The prestige luxury brand Rolls-Royce announced in 2021 that it would be going fully electric by 2030.
That seemed a particularly bold assertion for a brand that up until then hadn’t ever offered an EV. But now the first of the fully electric Rolls-Royce, the Spectre coupe, is headed for first deliveries late this year, and the brand’s future is much easier to envision.
While I recommend reading my first drive of the 2024 Rolls-Royce Spectre for more about the experience inside, the backstory of how the Spectre came to be is just as interesting.
How does a legacy luxury brand remake its products that at present revolve around a turbine-like V-12 gasoline engine and have for decades focused around combustion-engine smoothness and engineering prowess? How can a luxury brand that sells its vehicles for roughly a half a million dollars each distinguish itself amid sub-2.0-second Teslas, 500-plus-mile Lucids, 18-minute-charging Hyundais, and Ford F-150 Lightnings that can power the summer house?
The answer: the same way it always has. Rolls-Royce has never been about the bragging rights of numbers. Power was “sufficient,” and the vehicles were more about the bespoke expression of each particular build—and the experience of luxury.
2024 Rolls-Royce Spectre
2024 Rolls-Royce Spectre
2024 Rolls-Royce Spectre
Within the mammoth rear-hinged doors of this coupe, under the sparkle of a Starlight headliner and cocooned within its phenomenal craftsmanship, comfort, and quiet, what I found was one of the most delightfully simple and straightforward EVs on the market. And don’t get me wrong on that statement: Who said simple meant cheap?

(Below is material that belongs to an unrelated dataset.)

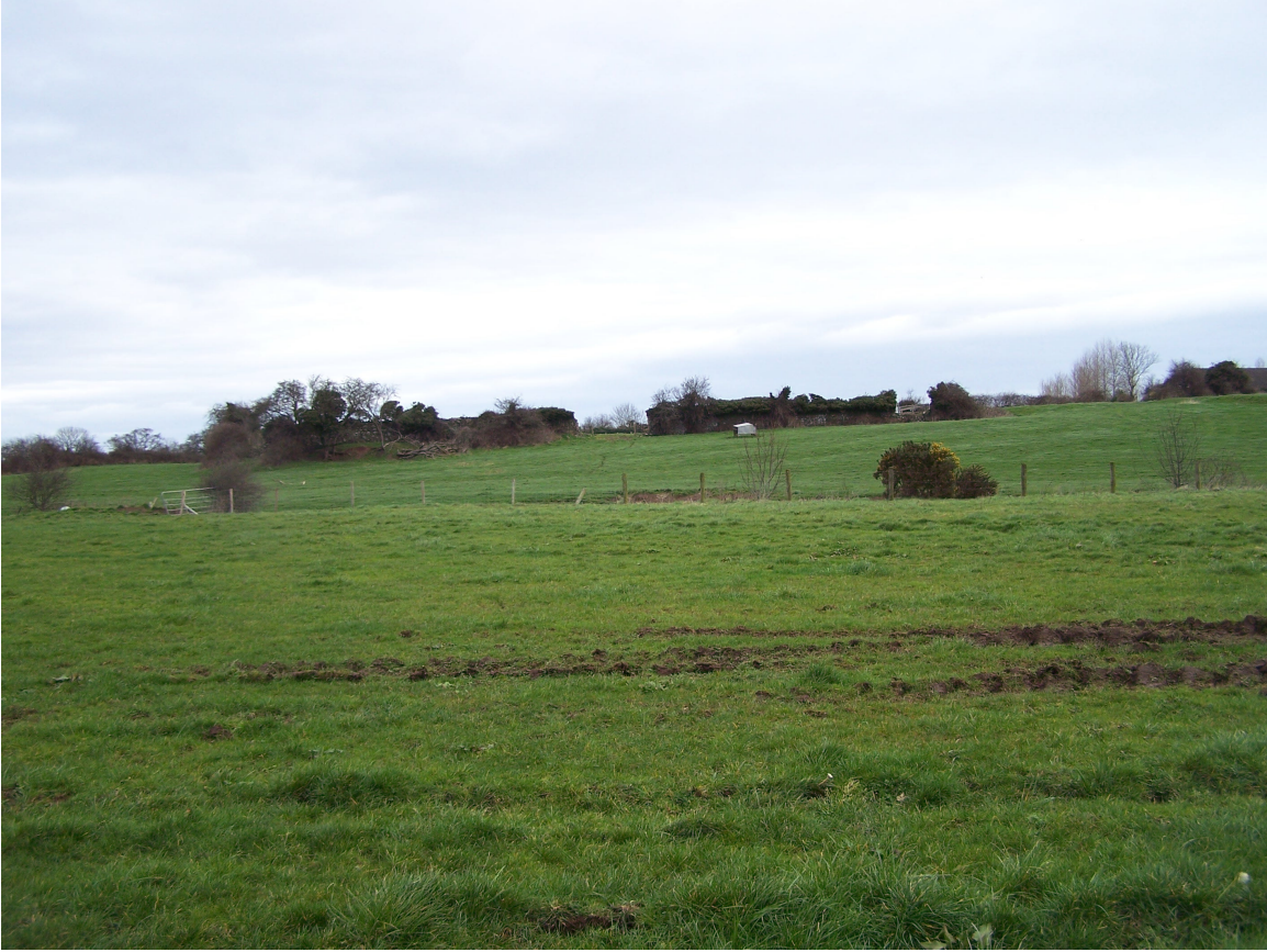
Plate 1 Looking north towards Portmore Castle (062:007) from the proposed development site. The fence in the foreground represents the modern river bank.

To take a step back: The company decided from the get-go that such a model would need to be a Rolls-Royce first, and an EV second.
But the team under director of engineering Mihiar Ayoubi understood it would need to also innovate the EV to achieve that.

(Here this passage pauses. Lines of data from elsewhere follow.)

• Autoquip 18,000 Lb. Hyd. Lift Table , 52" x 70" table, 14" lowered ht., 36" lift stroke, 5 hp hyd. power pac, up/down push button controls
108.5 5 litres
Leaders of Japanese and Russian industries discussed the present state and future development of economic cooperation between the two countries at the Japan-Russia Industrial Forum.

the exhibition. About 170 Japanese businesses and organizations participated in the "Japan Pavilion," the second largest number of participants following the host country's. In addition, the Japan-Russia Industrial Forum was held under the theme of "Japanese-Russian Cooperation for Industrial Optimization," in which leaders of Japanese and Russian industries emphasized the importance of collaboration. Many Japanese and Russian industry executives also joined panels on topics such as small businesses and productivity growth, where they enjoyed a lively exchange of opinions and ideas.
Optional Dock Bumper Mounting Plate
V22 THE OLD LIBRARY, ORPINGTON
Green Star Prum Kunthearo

Read on for several key takeaways on how Rolls’ work with the Spectre isn’t just highfalutin talk about BMW Group EV tech that’s been repackaged—and why in the midst of a brand making sure that it didn’t leave its customers behind, it actually pushes the EV conversation forward.
Dr. Mihiar Ayoubi – Rolls-Royce Director of Engineering
Spectre is a new genre: spacious EV coupe
As I observed in my first drive of the 2024 Rolls-Royce Spectre, one of the most noteworthy engineering victories of this fully electric model is how it manages to feel like a car you sit in, not on. With battery packs propping occupants up several inches, raising floors, and boosting total vehicle heights, it’s easy to make a brand’s first EV a crossover but far more challenging to make it a convincing car.
Rolls-Royce went that more challenging route, and as it points out proudly there’s less than an inch difference in overall height between the Spectre and the gasoline-powered Rolls-Royce Phantom Coupe, while managing to pack in the same interior space.
2024 Rolls-Royce Spectre
The automaker achieved this height target by placing the battery pack in a channel under the floor of the body and framing it with extruded aluminum beams that form the four corners. It then designed this model’s inner body-in-white from scratch, focusing in on a lower seating position while keeping the bulkhead (dash and cowl) in position—paying special attention to stiffness at the front and rear axles where as Ayoubi puts it, there can be a “hinge” effect that sours ride and handling.
Simply put, it feels like you’re in a long-and-large car, and I can’t recall any other EVs that pair that impression with boxy styling and upright packaging. The long rear-hinged doors allow smooth access to the back seat without contorting, and it’s workable, even comfortable for this 6-foot-6 passenger.
In a world of Expeditions, Escalades, and Wagoneers, this is not truly any smaller in footprint, but it’s a form factor that for efficiency’s sake and sheer variety the market needs more of.
2024 Rolls-Royce Spectre
Why this EV keeps to the ICE form factor
One of the great benefits of electric vehicles is that electric motors don’t take up much packaging space, and without all the space needed under the hood for a mammoth V-12 in Rolls-Royce’s case, it could have resulted in a completely transformative look.